== Entries shown ==
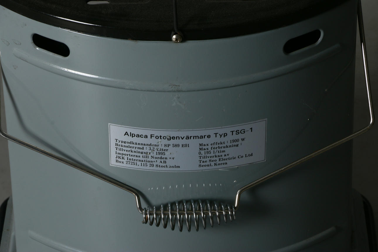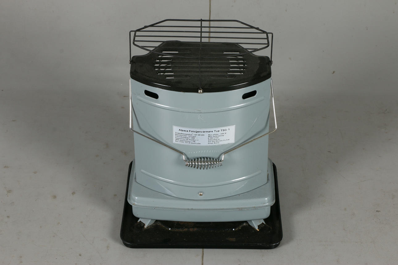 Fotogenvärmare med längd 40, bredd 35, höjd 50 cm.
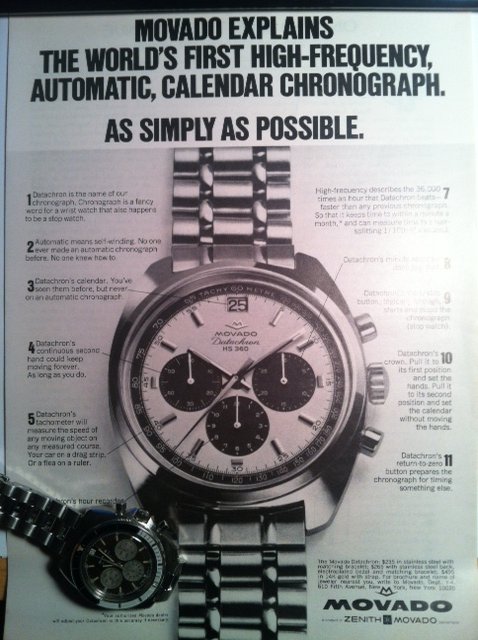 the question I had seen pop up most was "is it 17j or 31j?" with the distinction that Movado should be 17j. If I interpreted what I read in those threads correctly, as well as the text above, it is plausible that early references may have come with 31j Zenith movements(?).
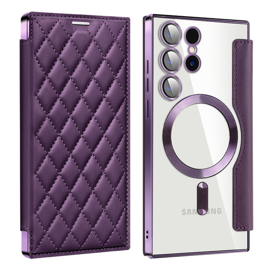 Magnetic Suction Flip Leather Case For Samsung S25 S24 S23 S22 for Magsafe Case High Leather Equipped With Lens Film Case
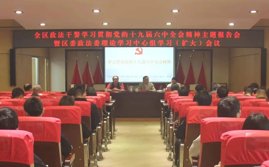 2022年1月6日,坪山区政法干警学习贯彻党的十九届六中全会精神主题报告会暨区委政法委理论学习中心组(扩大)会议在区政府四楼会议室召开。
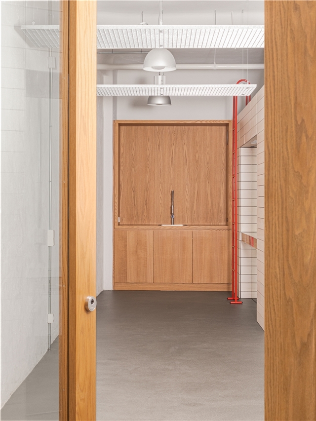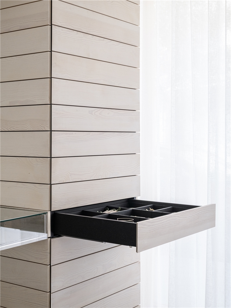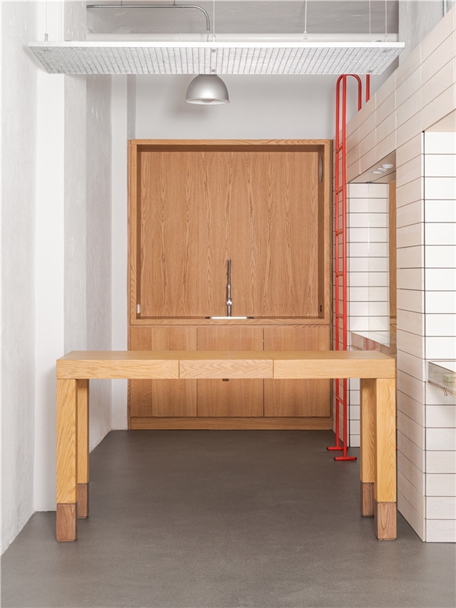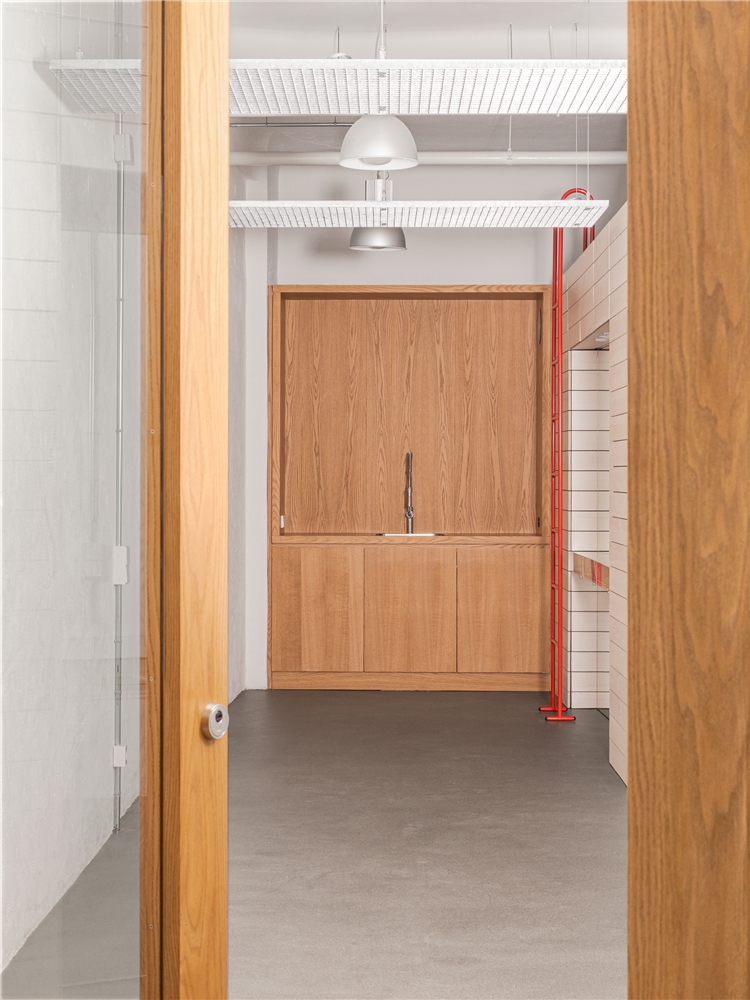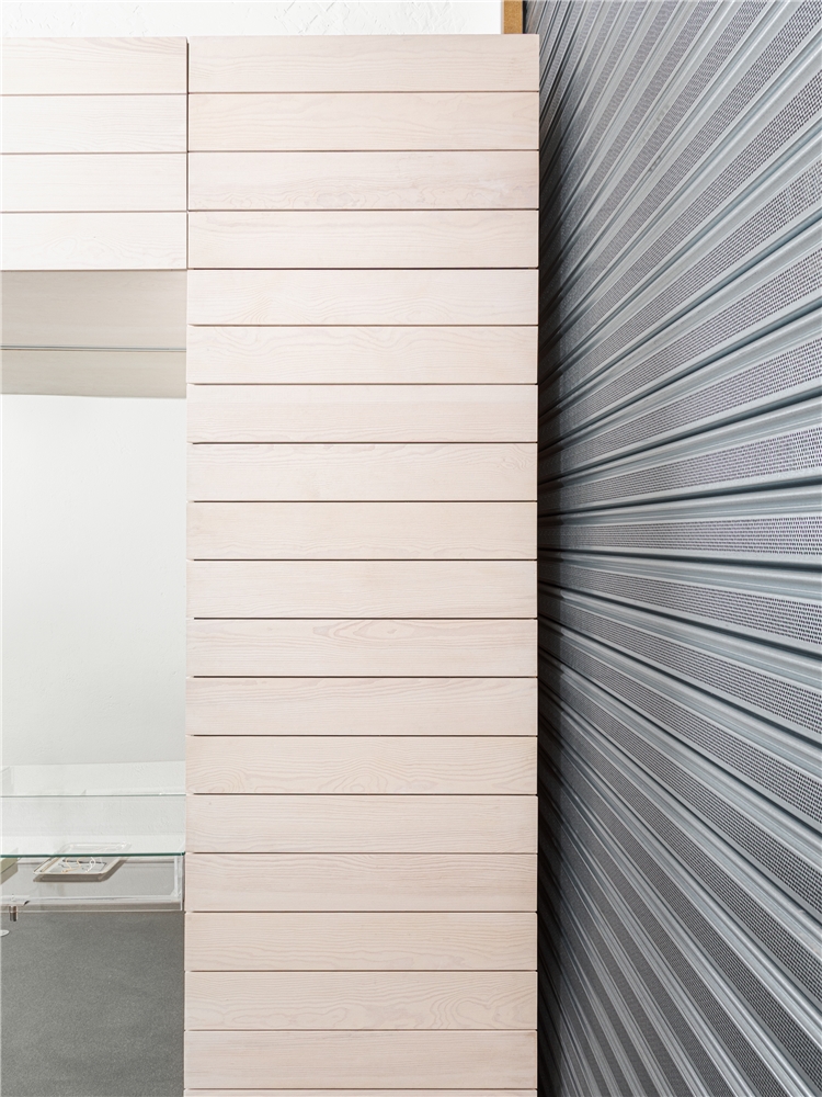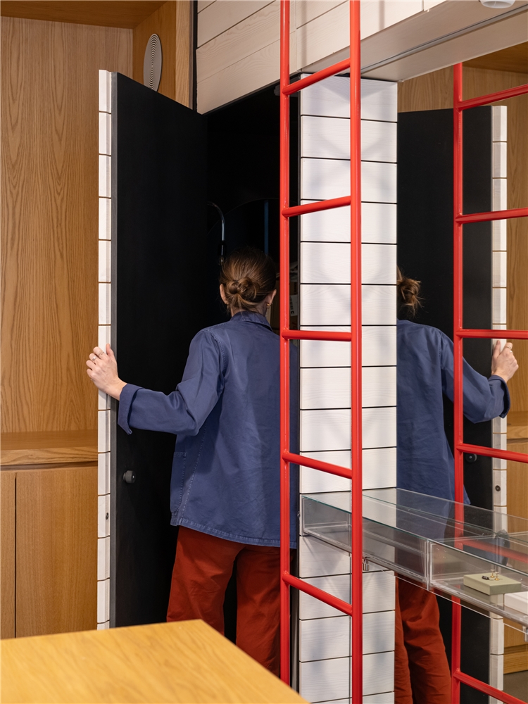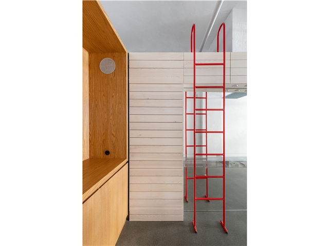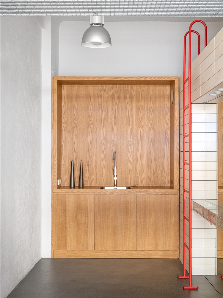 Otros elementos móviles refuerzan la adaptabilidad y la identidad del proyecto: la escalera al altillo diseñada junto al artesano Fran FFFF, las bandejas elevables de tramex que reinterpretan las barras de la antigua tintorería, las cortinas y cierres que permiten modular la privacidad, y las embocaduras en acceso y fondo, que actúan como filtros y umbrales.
===
[Requirement] Please set down, exactly and with no pictures, the lines in the entries above starting at the one holding "Magnetic Suction Flip" and ending at the one holding "2022年1月6日,坪山区政", ends included.

[The completed task]
 Magnetic Suction Flip Leather Case For Samsung S25 S24 S23 S22 for Magsafe Case High Leather Equipped With Lens Film Case
 2022年1月6日,坪山区政法干警学习贯彻党的十九届六中全会精神主题报告会暨区委政法委理论学习中心组(扩大)会议在区政府四楼会议室召开。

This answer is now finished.